Predictive models drive predictions
With the decision management capability of Pega Platform™, you can enhance applications to help optimize business processes, predict customer behavior, analyze natural language, and make informed decisions to better meet customers' needs and to achieve positive business outcomes.
This video introduces you to Pega AI, a feature of the decision management capability of Pega Platform™.
Other decisioning features of the Pega Platform include:
- Decision strategies to improve customer experience and deploy intelligent processes based on behavioral and operational data.
- Data sets to read and write the data used in the decision strategies.
- You can use event strategies to detect patterns in data streams and react to them.
- And to ingest, process, and move data from one or more sources to one or more destinations, you can configure data flows as scalable and resilient data pipelines.
Decision management uses Pega AI to make predictions about customer behavior, successful case completion, the topic of an incoming message, or other subjects to make the decisions more relevant.
Decision management is a Pega Platform capability.
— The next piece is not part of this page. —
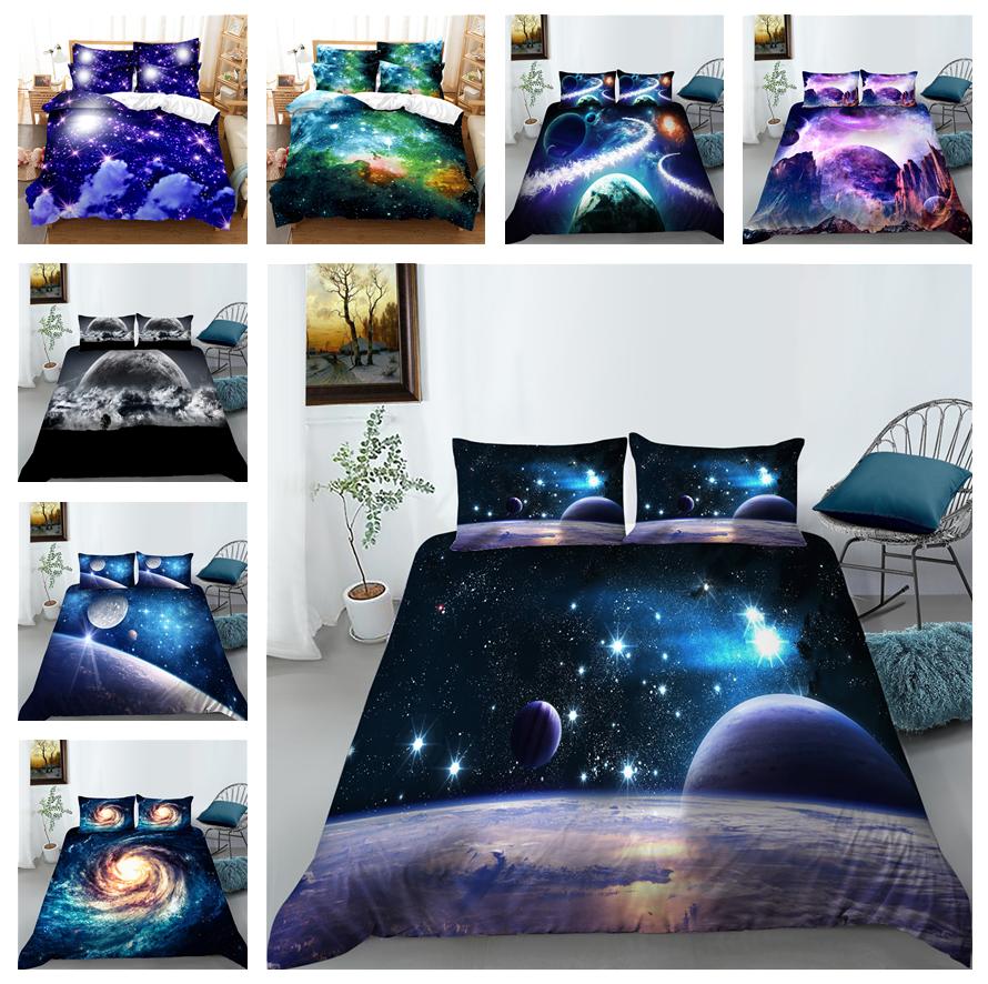 Комплект постельного белья с 3D звездным небом, пододеяльник и наволочка с принтом планеты, 2/3 кусочка ткани из микрофибры, моющиеся и быстросохнущие украшения для дома

You can apply decision management to any application that is built on Pega Platform.
Predictions differ to suit the domain they are used in, but one or more predictive models drive them all.
A data scientist can create a predictive model in Pega Platform or an external environment that can export the model as a PMML or H2O file. Another option is to connect to a machine learning service such as Google ML or AWS SageMaker.
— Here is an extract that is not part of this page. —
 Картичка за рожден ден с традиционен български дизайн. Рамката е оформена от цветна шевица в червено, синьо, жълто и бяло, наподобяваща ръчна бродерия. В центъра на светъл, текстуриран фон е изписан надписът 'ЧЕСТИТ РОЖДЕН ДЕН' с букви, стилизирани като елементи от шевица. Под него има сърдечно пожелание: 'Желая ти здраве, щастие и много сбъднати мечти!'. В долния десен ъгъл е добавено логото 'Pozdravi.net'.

If an insurance company wants to use Pega Process AI™ to route incoming claims that might be fraudulent to an expert based on the outcome of a predictive model, the data scientist creates a fraud model to drive a new case management prediction in Prediction Studio.
Prediction Studio is the dedicated workspace where you manage the life cycle of predictive models and the predictions they drive.
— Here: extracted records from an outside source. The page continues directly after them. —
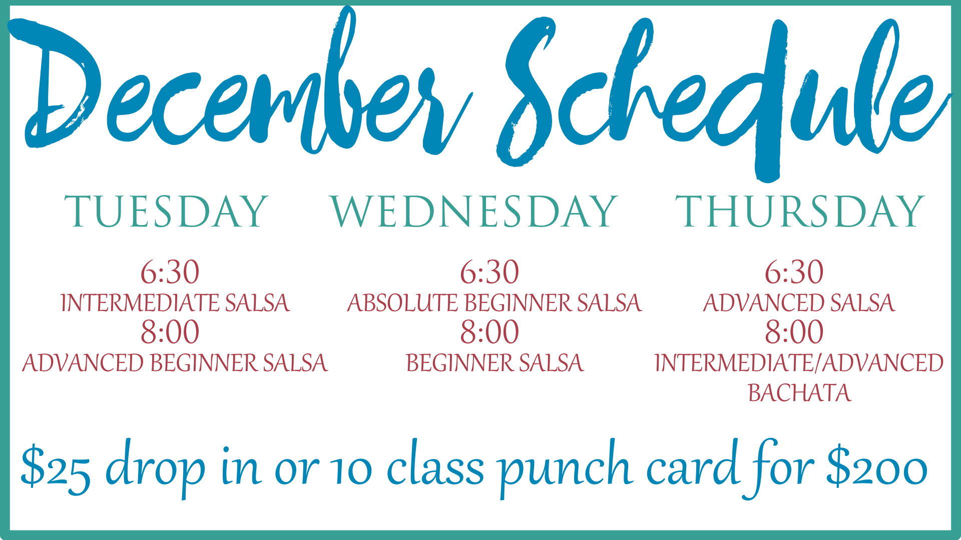 New Absolute Beginner Salsa Series will begin on January 13th! This class is designed with the absolute beginner in mind and there is no experience needed. We would love to have you join us!
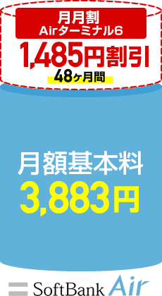 2026年1月現在、ソフトバンクエアーで使用する端末[Airターミナル6]を購入契約すると48ヶ月間は月額基本料金から1,485円が割引される「月月割 Airターミナル6」が適用されて48ヶ月間の月額基本料金は3,883円となります。
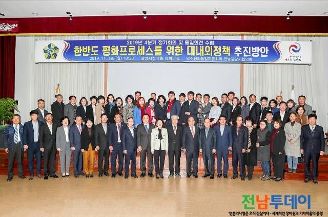 【전남투데이 구정준 기자】민주평화통일자문회의 광양시협의회(회장 김종대)는 지난 18일(월) 시청 대회의실에서 정현복 광양시장(대행기관장)을 비롯한 내빈과 자문위원 등 50여 명이 참석한 가운데 '2019년도 4분기 정기회의'를 개최했다고 밝혔다.
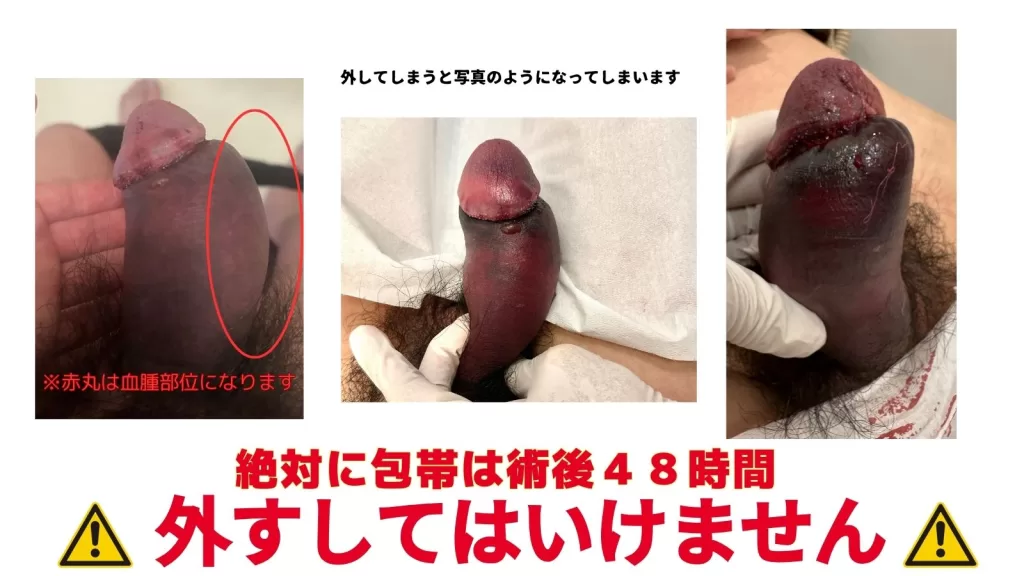 と啓発活動を行っておりますが、出血が気になってしまったり、手術部位が気になってしまったり、かっこよくなったペニスを見たいなー等で包帯を外してしまう方が多くいらっしゃいます。

A prediction is a hand-off to an application developer, who can then use the prediction in a decision step in the case type to route cases more accurately. This strengthens the separation of concerns.
You can use Pega Customer Decision Hub™ to make next-best-action decisions for your customers.
Customer Decision Hub predictions can predict customer behavior, such as which customer is about to churn or predict the likelihood that a customer clicks on a web banner to support the decision on which banner to show to a customer.
Pega Adaptive Decision Manager (ADM), a key component of the decision management capability allows a data scientist to configure self-learning, adaptive models that continuously improve predictions about business processes and customer behavior.
An adaptive model rule typically represents many adaptive model instances because each unique combination of the model context generates a model.
In Customer Decision Hub, adaptive models drive many predictions that come with the product out of the box, such as the Predict Web Propensity prediction that predicts the likelihood that a customer clicks a web banner.
Customer Decision Hub predictions have several features specific for the domain, such as a control group for which the prediction outputs a random propensity instead of the propensity that is generated by the adaptive model instance.
Comparison of the control group and the model propensity-based group allows you to measure the lift in a success rate that the AI generates, an important business metric.
Also, Customer Decision Hub predictions feature a response timeout setting. After the timeout expires, a negative response is recorded.
The response timeout setting depends on the use case. For example, in a web use case, several minutes suffice, while in an outbound email campaign, the response timeout is set to several days to allow customers enough time to respond.
You can further enhance the prediction by using the output of a predictive model as a predictor in the adaptive model.
The Pega Customer Service™ application uses the natural language processing capability of decision management to analyze incoming text and route the messages based on the topics and entities detected.
Pega Customer Service uses Text analytics predictions that are distinctly different from both case management predictions and Customer Decision Hub predictions.
Text analytics predictions use predictive models to detect the topic of an incoming message that the application can use to optimize the routing of the message to the relevant department.
Secondly, text analytics predictions use entity extraction models that qualify text as, for example, an account number, a postal ZIP code, or an address.
The application can use this information to fill relevant fields in a case automatically.
Finally, the text analytics predictions come with a sentiment model that can route or prioritize negative messages to improve the customer experience.
Feedback on the detected topics, entities, and sentiment by CSRs improves the performance of the text analytics prediction over time.
This video has concluded. What did it show you?
Pega AI allows you to improve business processes and customer engagement by using predictions.
- Predictive models drive the predictions.
- The predictive models can be static or adaptive.
- Predictions are managed in Prediction Studio.